We have been able to generate a knockin (KI) mouse for a CoQ biosynthetic gene. Our characterization homozygous KI mice (Coq9X/X) has demonstrated that: (i) the reduction in the Coq7 protein levels with the subsequent reduction in CoQ9 and CoQ10 levels (Fig. 2) and accumulation of DMQ in Coq9X/X mice suggest that Coq9 protein specifically regulates Coq7 protein in the CoQ biosyhthetic pathway, (ii) the presence of a dysfunctional Coq9 protein and/or the deficit in CoQ in the brain causes an increase in free complex III, leading to a decrease in mitochondrial respiration and ATP synthesis, (iii) mitochondrial dysfunction in the brain induces oxidative damage and a caspase-independent apoptotic cell death and (iv) the encephalomyopathic form of CoQ deficiency is progressive and takes place with neuronal death, severe reactive astrogliosis and spongiform degeneration. Therefore, the bioenergetics impairment and the increased oxidative stress seem to be key components in the understanding of the encephalopatyc form of CoQ deficiency (Garcia-Corzo, Hum Mol Genet 2013).

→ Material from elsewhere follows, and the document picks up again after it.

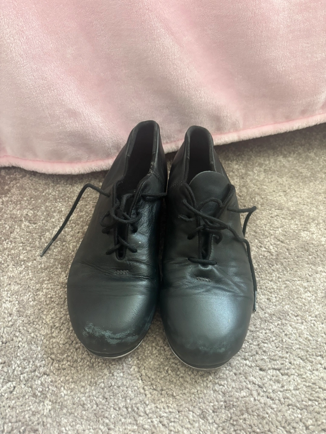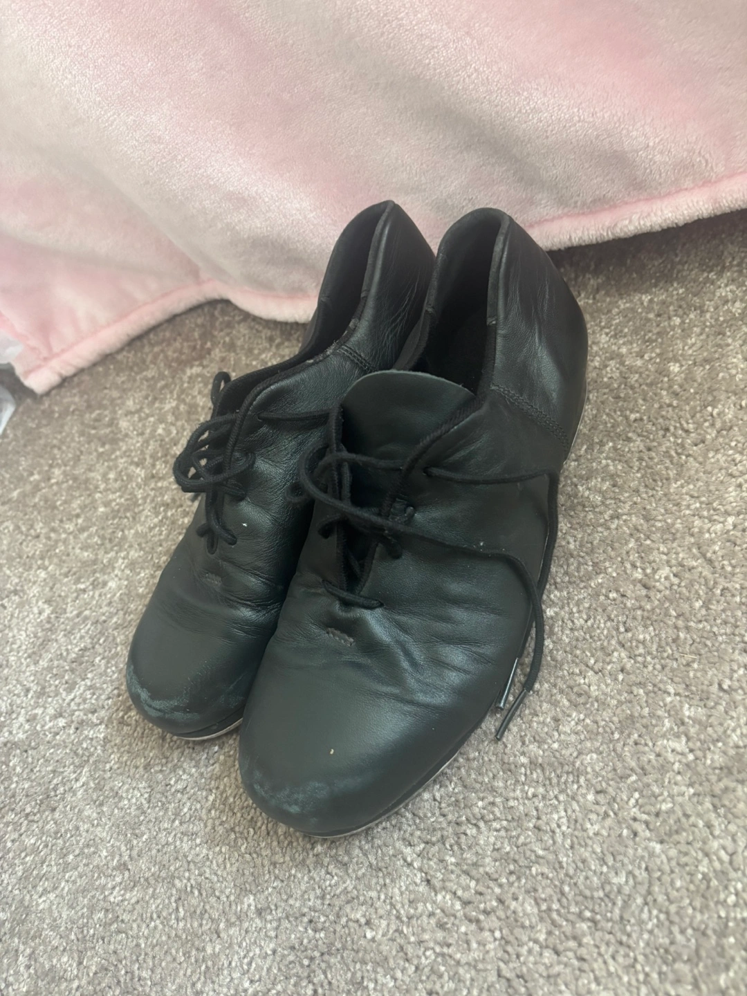 Black leather dance shoes. They feature a lace-up design. They have a rounded toe, and a smooth sole. A calming activity, dancing is the perfect way to spend your free time. Used condition, but good for intermediate dancers.

In this mouse model (Coq9X/X) of mitochondrial encephalopathy due to CoQ deficiency, we have also evaluated oral supplementation with water-soluble formulations of reduced (ubiquinol-10) and oxidized (ubiquinone-10) forms of CoQ10. Our results show that CoQ10 was increased in all tissues after supplementation with ubiquinone-10 or ubiquinol-10, being the tissue levels of CoQ10 higher with ubiquinol-10 than with ubiquinone-10. Moreover, only ubiquinol-10 was able to increase the levels of CoQ10 in mitochondria from cerebrum of Coq9X/X mice. Consequently, ubiquinol-10 was more efficient than ubiquinone-10 in increasing the animal body weight and CoQ-dependent respiratory chain complexes activities, and reducing the vacuolization, astrogliosis and oxidative damage in diencephalon, septum-striatum and, to a lesser extend, in brainstem. These results suggest that water-soluble formulations of ubiquinol-10 may improve the efficacy of CoQ10 therapy in primary and secondary CoQ10 deficiencies, other mitochondrial diseases and neurodegenerative diseases (Garcia-Corzo, Hum Mol Genet, submitted).
Our results are contributing to the goals of the International Rare Disease Research Consortium (IRDiRC). Moreover, the project has an economic relevance since pharmaceutical companies have showed interest in our study.